Starting from the second half of the 19th century, works of visual art were almost in every section of the Armoury Chamber. Being present in the Armoury, Trophies, Portraits, Carriages, Models, Silver and Harness halls of the Armoury Chamber, they composed an integral and organic part of the expositional ensemble. However, the meaning of pictorial artworks in the Armoury Chamber was not limited by the subsidiary role of a colourful decoration and illustrative addition to the treasury. Their role was much more important and significant, particularly relating to the portraits of the Russian rulers, who had actively formed the ideological programme of the museum. The latest was formulated by the head of the Expedition of Kremlin buildings P. S. Valuev. For Emperor Alexander I, he made a project of the Armoury Chamber with a clear and comprehensive definition as an 'Autocratic Museum', where the portraits of monarchs fulfilled the highest state function of representation and solemn glorification of power.

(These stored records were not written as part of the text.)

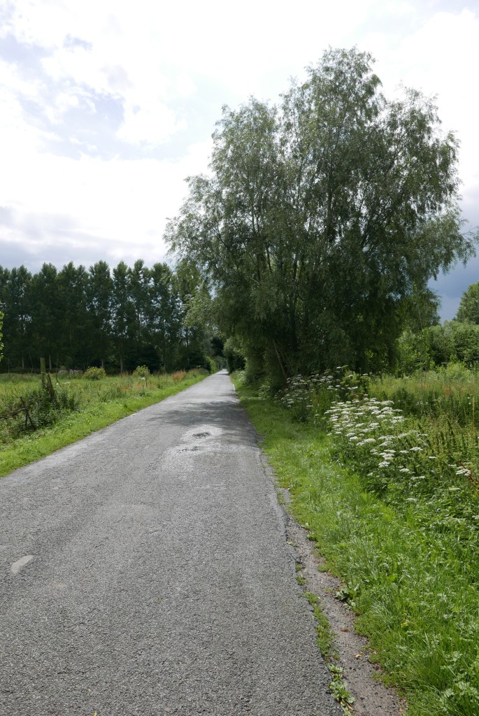 Au réveil, la température est fraiche et j’enfile mon legging avant d’enfourcher mon vélo. L’étape du jour est plus courte que la veille et prévoit quelques arrêts intéressants. Je quitte un peu à regret mes hôtes et m’élance vaillamment quand, au bout de 10 minutes, le ciel se lève pour de vrai. Du bon ciel bleu arrive, avec du soleil qui tape. Me voilà bien avec mon legging ! Je crève de chaud.
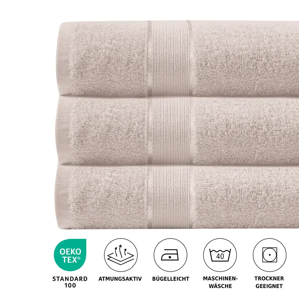 Все размеры оснащены очень практичными вешалками для шнура. Размеры: рукавица для мытья 15х21 см, мочалка или Полотенце для гостей 30x50 см, полотенце для рук 50x100 см, полотенце для душа 70x140 см, банное полотенце 100x150 см и полотенце для сауны 80x200 см. Простой и неподвластный времени дизайн с элегантной каймой
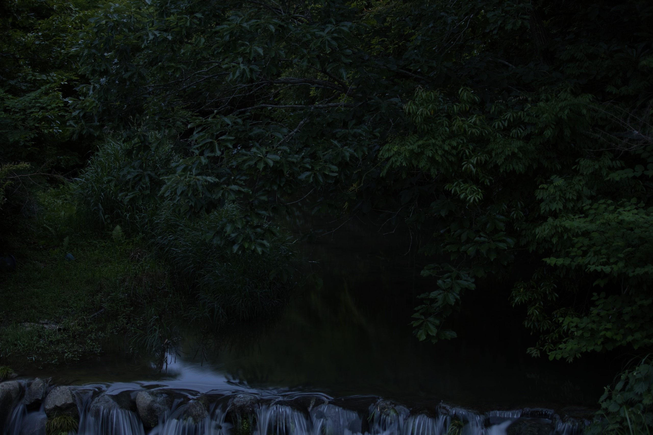 蛍を撮る場合は、まず、うす暗くなった時点で写真を数枚撮っておく。

When the erection of a new museum building by the Borovitsky Gates was over in 1851, the Armoury Chamber became a part of the Grand Kremlin Palace. The large-scale building project started in the Moscow Kremlin in the mid-19th century, granted the Armoury Chamber an important role of a specific historical prologue to the Moscow imperial residence, which did not possess its own collection of tsars' and emperors' ceremonial portraits. The portrait gallery of the Armoury Chamber created a kind of political chronicle in faces and personalised the history of the Russian state.
The ideological aura surrounding the image of the sovereign from the days of yore was expressed in all forms of official everyday life of the Russian imperial court, part of which were ceremonial portraits of monarchs. They embodied a state political programme of absolutism and formed a special panegyric space in the Armoury Chamber, where the triumphal theme initially placed behind the display topic of the museum sounded most loudly. A peculiar way, personally authorized by Nicholas I, in which the portraits were framed with armature - opulent compositions, made of original banners, combat axes, swords, elements of armour and other signs of military glory – was one of the means the theme was realized.
As visible material results of monarchs' rule displayed in the halls of the museum, the trophies reflected the activity of sovereigns in the international scene, which aimed at the defence of the Fatherland and expansion of its borders. A significant part of such items was exposed in the Armoury Chamber in a designated Trophy hall, where they were placed under the feet of royalties depicted in portraits. Thus, the stretcher of Swedish King Karl XII and other trophies of the Poltava Battle were located under the portrait of Paul I. Among other objects, the keys of the towns Kilia, Bender, Akkerman, Enikopol, Perekop and Yass, conquered during the Russian-Turkish war, were laid under the portrait of Catherine the Great.
Under the reign of Nicholas I, imperial understanding of national ancientries and symbols of the state might, preserved in the Armoury Chamber, were expressed in the creation of a syntectic image of the Russian monarchy, embodied in the Crown Hall of the museum. It was a centre of the ideologic space, where 'the Display of the Russian Glory' reached its climax. A series of portraits of the Romanov and the Rurikids dynasties' family members serve as the semantic equivalent of this historical perspective, unfolding towards Russia's past. Unlike other portraits in the interiors of the Armoury Chamber, these were sited in a strict chronology of the rulings, during which the expansion of the country's territories took place. It was marked by the coat of arms on the railing. The portrait series of the Crown Hall is a genealogical corpus of titulary-heraldic content, which had remained actual over the whole time of monarchy existence and originated in the earliest Russian monument of such kind – the 1672 Titulary Book. In this book, the images of the sovereigns were indicated together with the spelling of their names, titles, and pictures of the state coat of arms and seals. Each image of the tsar or emperor of the series is followed by a figured cartouche with brief information on their rule, which fixed in the memory of descendants not only the historical deeds of the crowned heads but also the date of their death.